Work item:
Look in the material below for the line holding "近日,人保财险唐山市分公司收". Set it down exactly, with each later line up to and including the line holding "Сода за хляб и".

Segment Start: Records supplied

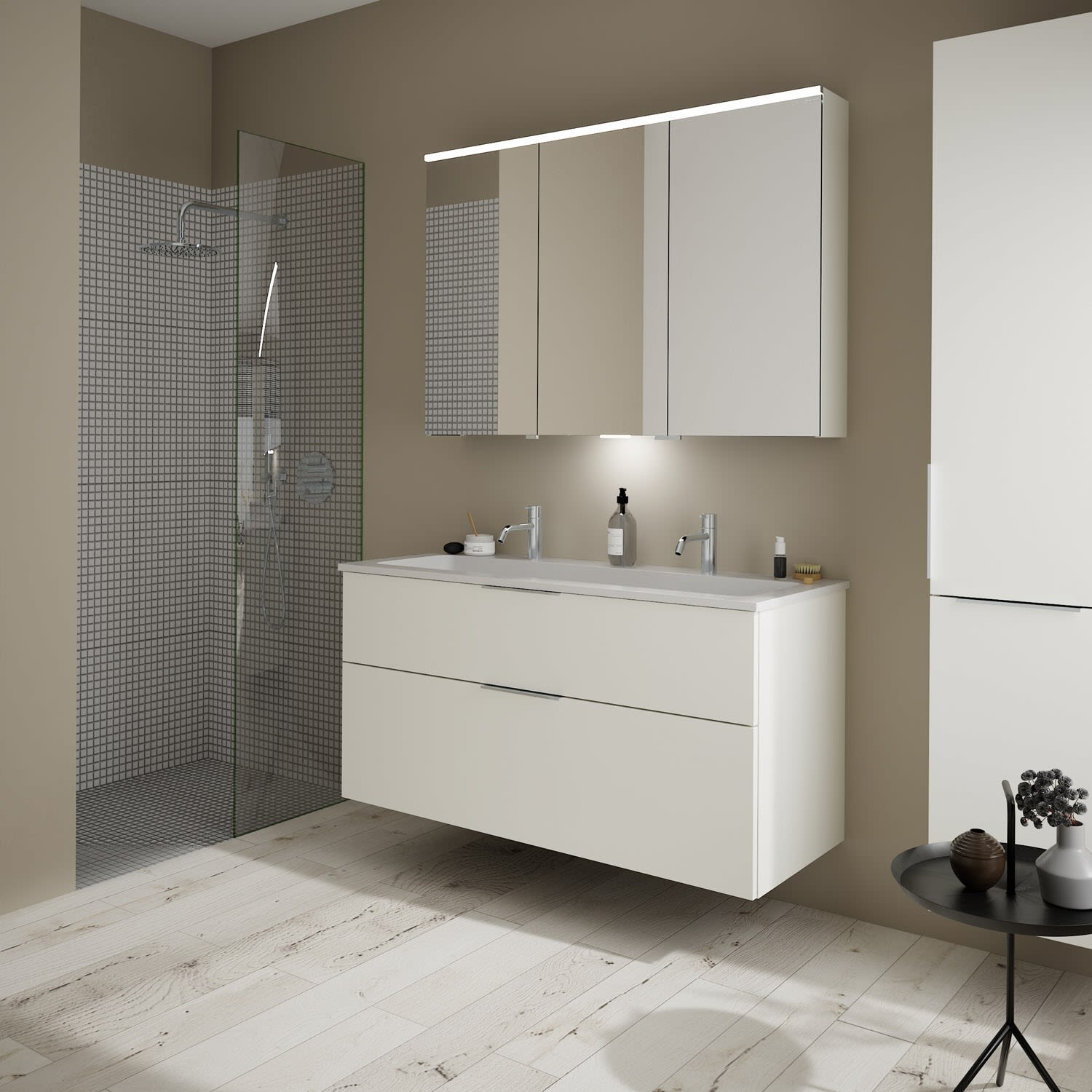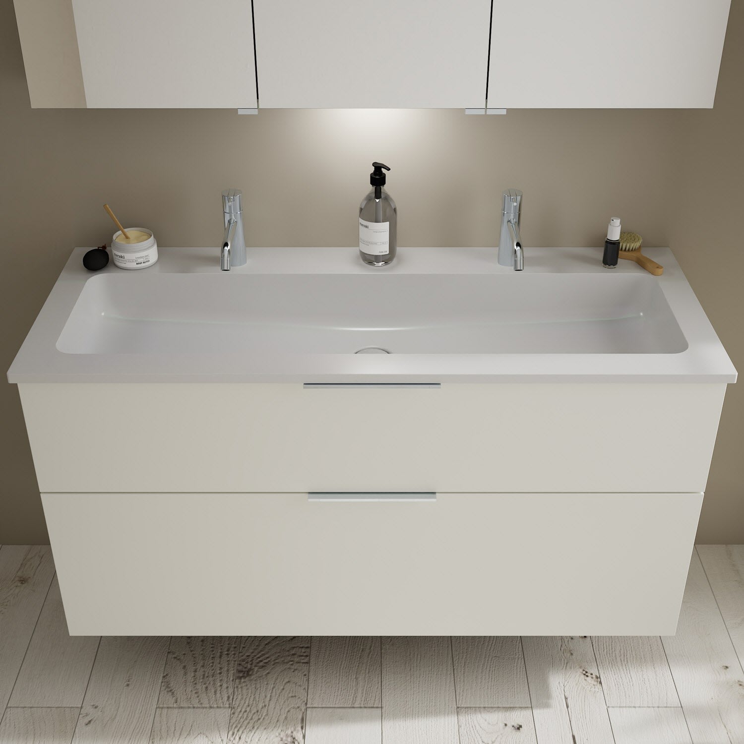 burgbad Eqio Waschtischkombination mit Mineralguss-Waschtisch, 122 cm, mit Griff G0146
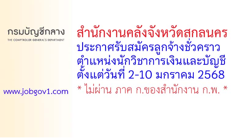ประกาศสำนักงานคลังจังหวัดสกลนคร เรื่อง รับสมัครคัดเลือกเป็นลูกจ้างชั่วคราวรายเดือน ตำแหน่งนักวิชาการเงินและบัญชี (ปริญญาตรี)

Segment End: Records supplied
Segment Start: Records supplied

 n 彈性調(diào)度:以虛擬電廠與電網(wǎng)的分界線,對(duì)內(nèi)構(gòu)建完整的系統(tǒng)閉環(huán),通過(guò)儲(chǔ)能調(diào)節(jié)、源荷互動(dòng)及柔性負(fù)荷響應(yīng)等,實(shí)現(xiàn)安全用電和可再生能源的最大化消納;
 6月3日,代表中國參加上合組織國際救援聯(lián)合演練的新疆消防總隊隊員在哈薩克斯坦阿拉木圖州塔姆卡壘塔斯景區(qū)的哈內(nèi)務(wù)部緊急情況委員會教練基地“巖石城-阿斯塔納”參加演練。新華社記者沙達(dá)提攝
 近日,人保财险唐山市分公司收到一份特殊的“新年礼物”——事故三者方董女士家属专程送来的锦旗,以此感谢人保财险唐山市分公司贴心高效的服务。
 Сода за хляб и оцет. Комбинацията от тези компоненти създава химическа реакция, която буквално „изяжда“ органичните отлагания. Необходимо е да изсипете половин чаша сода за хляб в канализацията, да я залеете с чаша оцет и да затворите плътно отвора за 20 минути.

Segment End: Records supplied

Solved problem:
 近日,人保财险唐山市分公司收到一份特殊的“新年礼物”——事故三者方董女士家属专程送来的锦旗,以此感谢人保财险唐山市分公司贴心高效的服务。
 Сода за хляб и оцет. Комбинацията от тези компоненти създава химическа реакция, която буквално „изяжда“ органичните отлагания. Необходимо е да изсипете половин чаша сода за хляб в канализацията, да я залеете с чаша оцет и да затворите плътно отвора за 20 минути.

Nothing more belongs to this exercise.